4. When the sun's fuel begin to deplete, it will turn in an orange star. Sometimes, yellow stars skip the red giant phase and become directly an orange star. It is believed that orange stars contain the most paradise planets, but we are yet to confirm it.
5. The next stage in low mass stars is the Planetary Nebula. The star is almost at the end of its life.
6. The last phase of a star life is the White Dwarf. Only the stellar core remain composed mostly of electron-degenerate matter. The star mass is still near the original mass of the sun, but the size may be as little as planet Earth. Remember, because it is a low mass starr, it will not become a neutron star, and the white dwarf may exist for billions of years. Infact, the observable galaxy is still too young to see what is next after the white dwarf!

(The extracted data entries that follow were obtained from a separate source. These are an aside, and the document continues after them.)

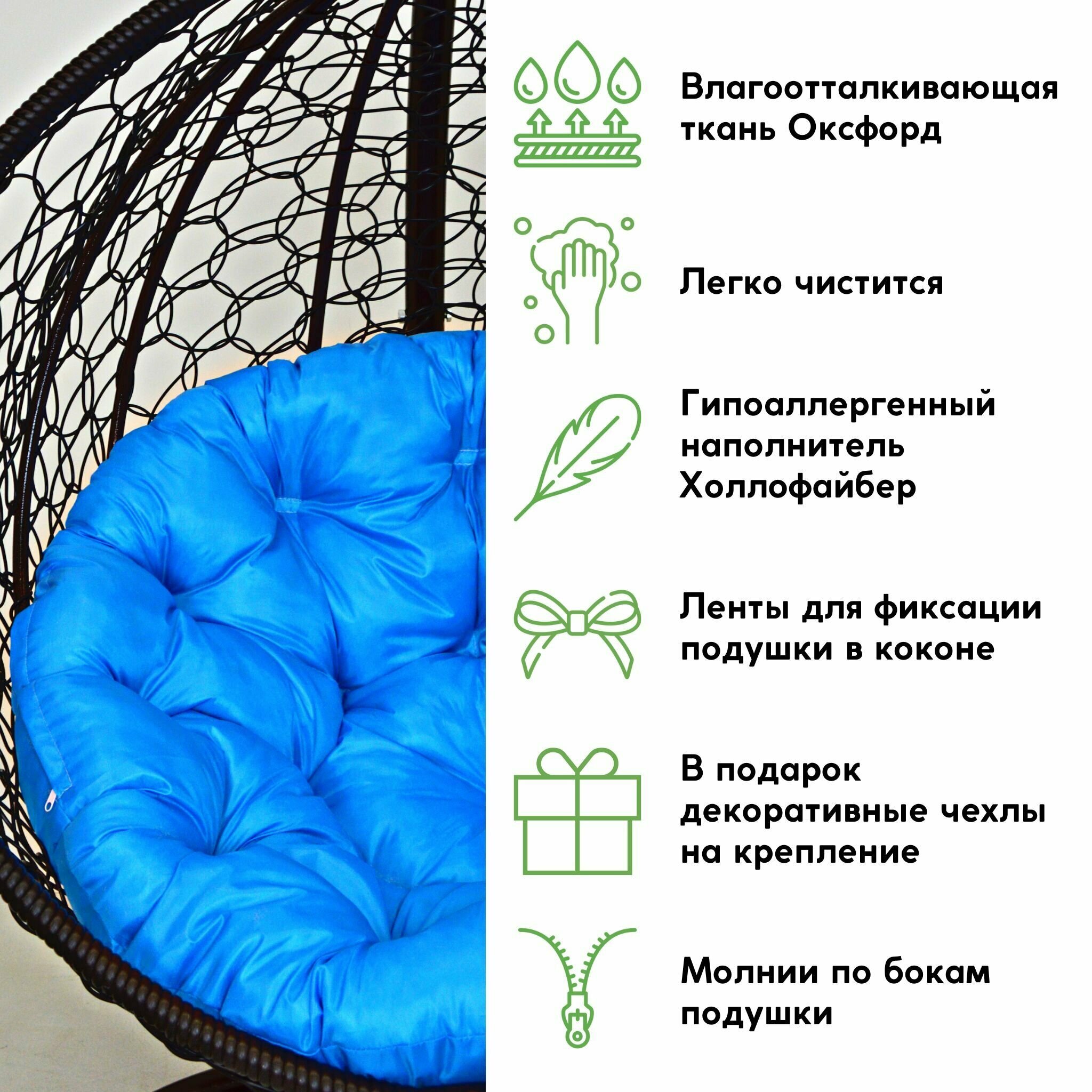 Подвесное кресло-кокон Mollis для дома и улицы Венге с Голубой подушкой трапеция
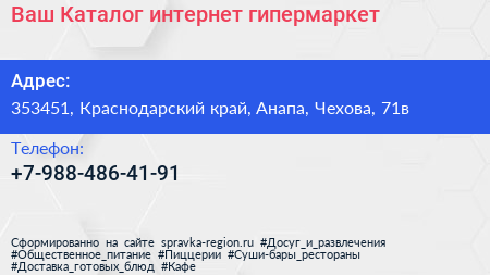 Ваш Каталог, интернет-гипермаркет по адресу 353451, Краснодарский край, Анапа, Чехова, 71в в дальнейшем Организация, размещена в следующих категориях:
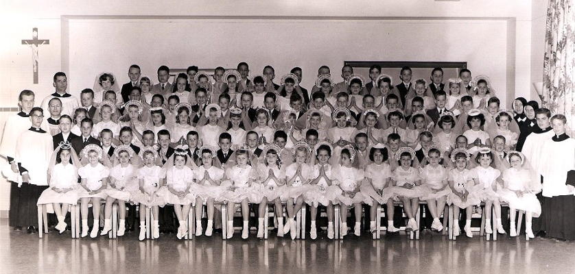 Here are the second graders of Our Lady of Loreto Parish after receiving their First Holy Communion in April of 1962. The celebration was held in the auditorium at Elizabeth Seton High School for the second year in a row. Click on image for a larger photo * Photo provided by Our Lady of Loreto Archives * |
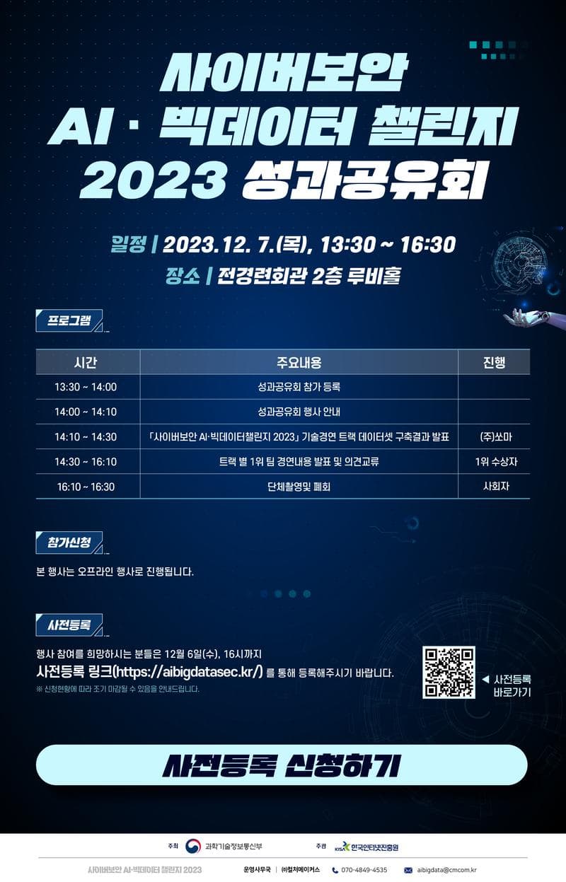 ๐ฅ[๊ณผํ๊ธฐ์ ์ ๋ณดํต์ ๋ถ ์ฃผ์ต/ํ๊ตญ์ธํฐ๋ท์งํฅ์ ์ฃผ๊ด] ์ฌ์ด๋ฒ๋ณด์ AI ๋น ๋ฐ์ดํฐ ์ฑ๋ฆฐ์ง 2023 ์ฑ๊ณผ๊ณต์ ํ ์ฐธ๊ฐ์ ์ฒญ ๐ฅ
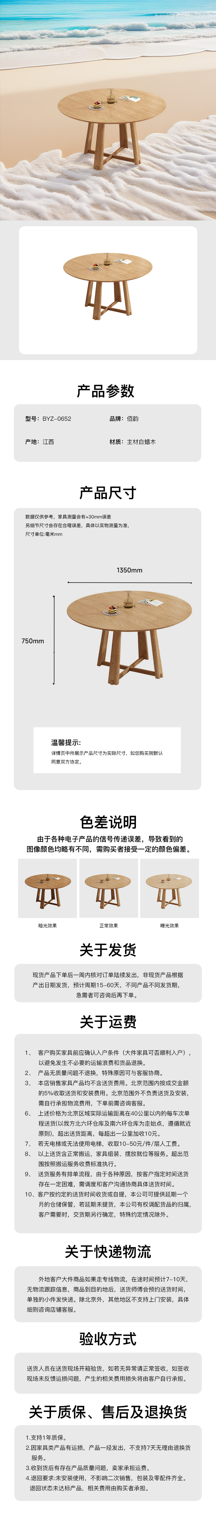 圆餐桌(1.35米-暖杏色)主材白蜡木 BYZ-0652

7. Now let's see what happenes with high mass stars. After their period as protostars, some stars will become Blue Giant, and some will jump to Red Super Giants.
Some may be in size of the sun in its early stages, but with the higher mass (at leats 10 times the sun), they will become Red Supergiants, rather than Red Giants.
8. The Red Super Giants have a tremendous mass and size. They may be 500 - 900 times bigger than the sun!
9. The high mass stars active life ends in a violent Supernova. It is a dramatic and catastrophic destruction, marked by one final titanic explosion. Only three Milky Way naked-eye supernova events have been observed during the last thousand years
10. Now after the Supernova, if the star finds a gravitational stability, that compresses the core past the white dwarf star density, it will turn into a Neutron Star. The Neutron Stars are the smallest and the densest stars in the universe. They typically have a radius of 10 kilometers, but weight two times of our sun!
11. Or after the Supernova, if the star colapses at the end of its life cycle, it will create a Black Hole. Black holes are regions with so big gravity, that even light can not escpae the gravitational pull. To define the "place of no return" the astronomers have defined the Event horizon. Blach holes are fovorite subject in a lot of sci-fi movies.